The invention provides a 5-halogenated-2 [ (alkoxycarbonyl) amino group]-3-methylbenzoic acid is prepared by reacting a compound of formula (I) with a compound of formula (II) in the presence of an organic base to produce a compound of formula (III); then the compound of the formula (III) reacts with a halogenating reagent to obtain the compound of the formula (IV), namely 5-halogeno-2 [ (alkoxycarbonyl) amino group]-3-methylbenzoic acid. The reaction reagent raw materials used by the preparation method provided by the invention are cheap and easy to obtain, and the preparation method has the advantages of good selectivity, few side reactions, high product yield, high product purity, simple and economic process and the like.

Description

Preparation method of 5-halogenated-2 [ (alkoxycarbonyl) amino ] -3-methylbenzoic acid
Technical Field
The invention belongs to the field of organic synthesis, and particularly relates to a preparation method of 5-halogenated-2 [ (alkoxycarbonyl) amino ] -3-methylbenzoic acid.
Background
5-halo-2 [ (alkoxycarbonyl) amino ] -3-methylbenzoic acid, is an important intermediate for synthesizing novel broad-spectrum insecticides of chlorantraniliprole and cyantraniliprole. 5-halo-2 [ (alkoxycarbonyl) amino ] -3-methylbenzoic acid can be synthesized by various routes, but few routes are reported, wherein patent CN 101600682B mentions that the chlorination yield is only 84%, and the lower yield results in higher production cost.
Disclosure of Invention
The invention provides a preparation method of 5-halo-2 [ (alkoxycarbonyl) amino ] -3-methylbenzoic acid, which is simple and economical in process and can improve the yield and quality of products, and overcomes the problems in the prior art, and the preparation method comprises the following steps:
Figure BDA0003155457880000011
(a) Reacting a compound shown in a formula (I) with a compound shown in a formula (II) in the presence of an organic base to generate a compound shown in a formula (III);
(b) Reacting the compound shown in the formula (III) with a halogenating reagent to obtain a compound shown in the formula (IV), namely 5-halogeno-2 [ (alkoxycarbonyl) amino ] -3-methylbenzoic acid;
wherein:
x is Cl or Br;
y is Cl or Br;
r is hydrogen, C 1 -C 4 Alkyl or benzyl.
The X is Cl or Br; y is Cl or Br.
The molar ratio of the aforementioned compound of formula (II) to the compound of formula (I) is 3 to 5 to 1, preferably 4 to 1.
The molar ratio of the aforementioned halogenating agent to the compound of formula (III) is from 2 to 5 to 1, preferably 2.5 to 1.
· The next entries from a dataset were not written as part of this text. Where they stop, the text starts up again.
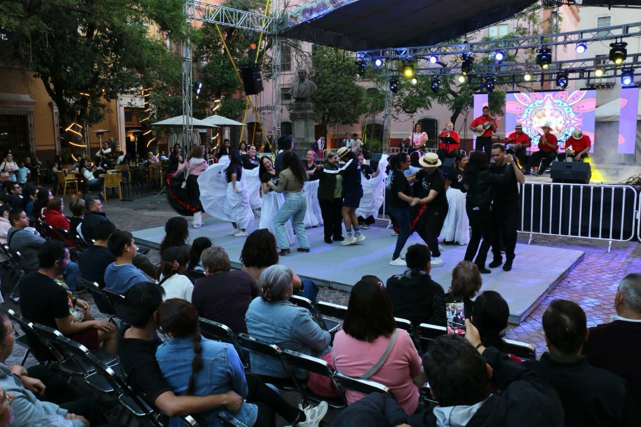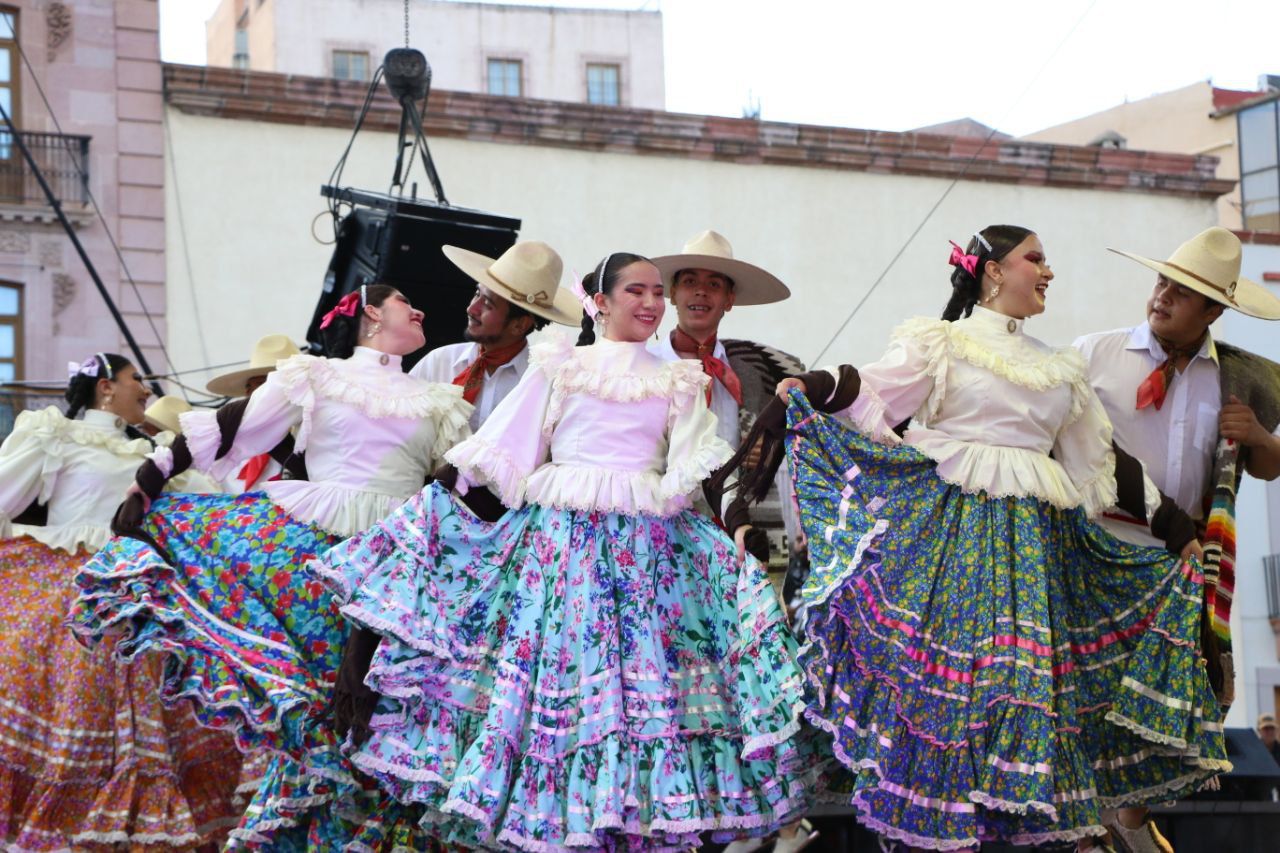 La Plaza de Armas también fue escenario de destacadas presentaciones con sello local e internacional, como la del Ensamble Folclórico de Zacatecas “Tezcatl-Tlalli”, la Compañía de Danza Folclórica Zacatecas, y la agrupación catalana “Esbart Marboleny”, que compartieron con el público un mosaico de estilos, técnicas y tradiciones, en una muestra clara del poder del folclor como puente cultural.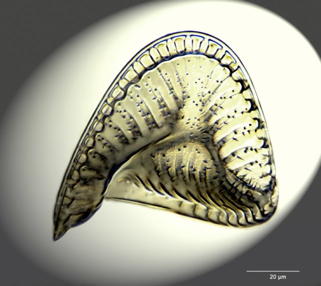 just for fun, eine Campylodiscus, eine fossile Süßwasserdiatomee aus Terrebone (Oregon/USA), im Spotlicht.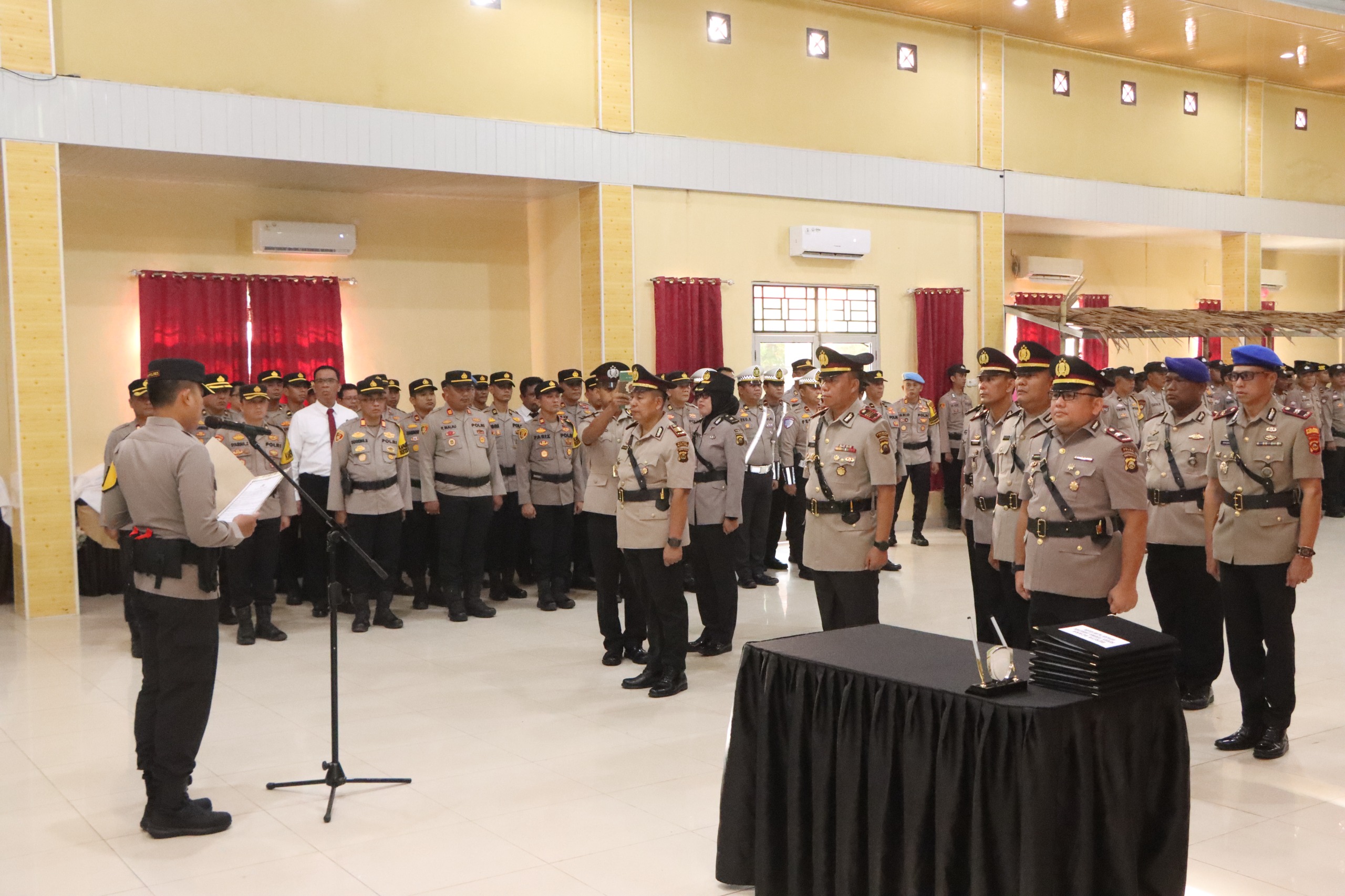 Kapolres Banyuasin AKBP Ruri Prastowo dalam sambutannya menyampaikan bahwa pergantian pejabat merupakan bagian dari dinamika organisasi yang sehat dan bertujuan untuk meningkatkan profesionalisme serta pelayanan kepada masyarakat.

The organic base in the step (a) is organic amine or pyridine base.
In the aforementioned step (a), the molar ratio of the organic base to the compound of formula (I) is 3 to 5 to 1, preferably 4 to 1. Alternatively, the molar ratio of the organic base to the compound of formula (II) is from 0.9 to 1.1 to 1, preferably 1 to 1.
The organic base is pyridine base, and the pyridine base is pyridine or alkyl pyridine.
Further, the aforementioned alkyl pyridine is selected from 2-methylpyridine, 3-methylpyridine or 4-methylpyridine.
Still further, the aforementioned alkyl pyridine is 3-methyl pyridine.
The aforementioned step (a) is carried out in the presence of an organic solvent. The amount of solvent used is such that it dissolves the compound of formula (I).
Alternatively, in the aforementioned step (a), the mass ratio of the organic solvent to the compound of formula (I) is 3 to 10 to 1, preferably 5 to 1.
Further, in the step (a), the organic solvent is selected from acetonitrile, 1, 4-dioxane or tetrahydrofuran.
Further, in the step (a), the organic solvent is acetonitrile.
The halogenating agent in the step (b) is a halogen acid.
Further, the hydrohalic acid is selected from hydrochloric acid or hydrobromic acid.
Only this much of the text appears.